The future of the Eden Estuary

Jul 11, 2008
An aerial view of the Eden Estuary

A team of St Andrews researchers is to play a key role in the conservation of the Eden Estuary, addressing problems of coastal erosion and habitat maintenance.

Consultations have begun in order to determine the best course of action for the local Eden Estuary - an important site for flora and fauna.

Currently, the estuary supports feeding waterfowl and migrating birds, a nationally important breeding colony of common seals (Phoca vitulina), an extensive dune system and areas of increasingly threatened salt-marsh.

Although engineering structures have already been put in place around the estuary in order to protect places of high economic value such as the Links Trust golf courses, Guardbridge Papermill and the runway of RAF Leuchars, these defences are unlikely to be able to withstand further erosive forces from the sea without further maintenance.

The St Andrews' researchers, based in the Sediment Ecology Research Group: Environmental Services (SERG:ES) unit at the Gatty Marine Laboratory, have become involved with the Advisory Group of the Eden Estuary Local Nature Reserve (EELNR).

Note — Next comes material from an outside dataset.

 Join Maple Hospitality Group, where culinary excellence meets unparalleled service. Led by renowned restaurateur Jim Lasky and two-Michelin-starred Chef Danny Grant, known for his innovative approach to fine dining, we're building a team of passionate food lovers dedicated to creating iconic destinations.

Dr Emma Defew, Projects Officer for the SERG:ES unit, explained, "The management of the EELNR has for many years set out objectives to address problems of coastal erosion and habitat maintenance, and has now started to look in depth at the future management of the Estuary.

"Possible management options to be considered include building further sea walls, beach nourishment (addition of sand), building artificial dune systems, constructing breakwaters, planting more saltmarsh to buffer against the erosive tidal forces, and allowing low-lying land to become inundated by tidal waters in a process called Managed Realignment."

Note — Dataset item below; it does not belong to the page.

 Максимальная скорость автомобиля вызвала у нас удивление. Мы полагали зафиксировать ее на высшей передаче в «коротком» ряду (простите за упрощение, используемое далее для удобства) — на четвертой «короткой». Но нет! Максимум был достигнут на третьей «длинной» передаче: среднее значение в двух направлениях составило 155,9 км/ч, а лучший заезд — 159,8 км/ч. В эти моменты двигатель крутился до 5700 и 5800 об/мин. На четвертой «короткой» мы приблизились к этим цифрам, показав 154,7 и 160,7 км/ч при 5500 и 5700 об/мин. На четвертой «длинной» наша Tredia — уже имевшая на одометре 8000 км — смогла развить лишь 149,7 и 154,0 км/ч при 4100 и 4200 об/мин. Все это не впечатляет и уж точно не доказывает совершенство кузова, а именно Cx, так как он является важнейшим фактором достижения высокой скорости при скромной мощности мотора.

However, before any decisions are made about the best course of action within the Eden system, a descriptive feasibility study needs to be completed. This study will review the current ecological status of the Estuary, describe future climatic and management scenarios, and consider the ecological and economic cost of the various management options. At a later date, this study may also be able to take advantage of European funding.

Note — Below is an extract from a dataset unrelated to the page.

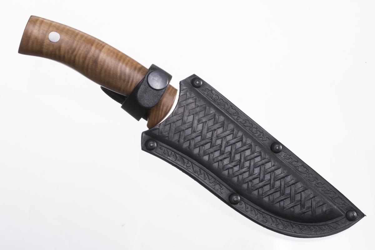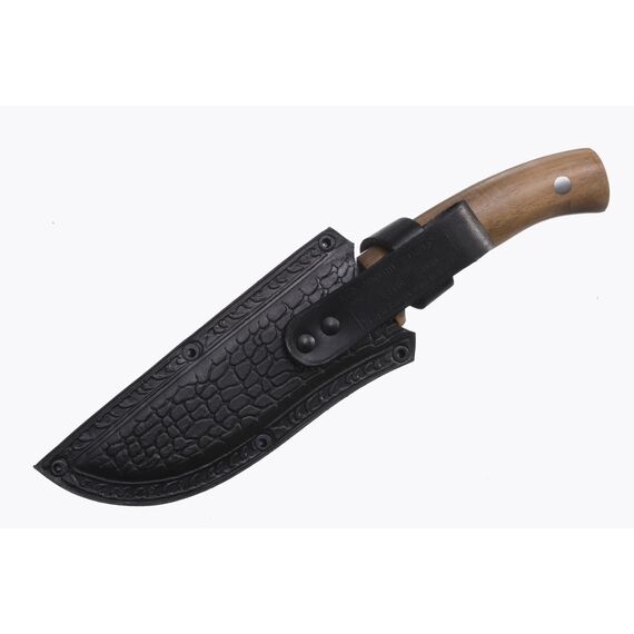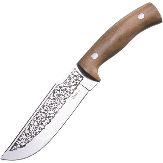 Нож туристический Бекас-2 простой и надежный нож. Минимум украшений, максимум простоты и эффективности! Клинок ножа изготовлен из стали AUS-8, стойкой к коррозии и механическим повреждениям, особая форма клинка, его ширина заточка лезвия обеспечивают как колющие так и хорошие режущие качества. Рукоять выполнена из кавказского ореха, ее эргономичная форма, а также подпальцевое углубление на обухе клинка обеспечивают максимально удобный и надежный хват.

The EELNR Advisory Group and SERG:ES wish to begin an open and inclusive dialogue about the implications of the current issues facing the estuary and to explore the range of options available to protect the functioning of the estuary and its surrounding stakeholders.

Future meeting are planned and will be advertised but anyone interested can put forward views or suggestions by contacting the team at SERG:ES.

The EELNR includes Fife Coast & Countryside Trust, Scottish Natural Heritage, The Links Trust, Fife Council, Scottish Environmental Protection Agency, Curtis Fine Papers, and RAF Leuchars.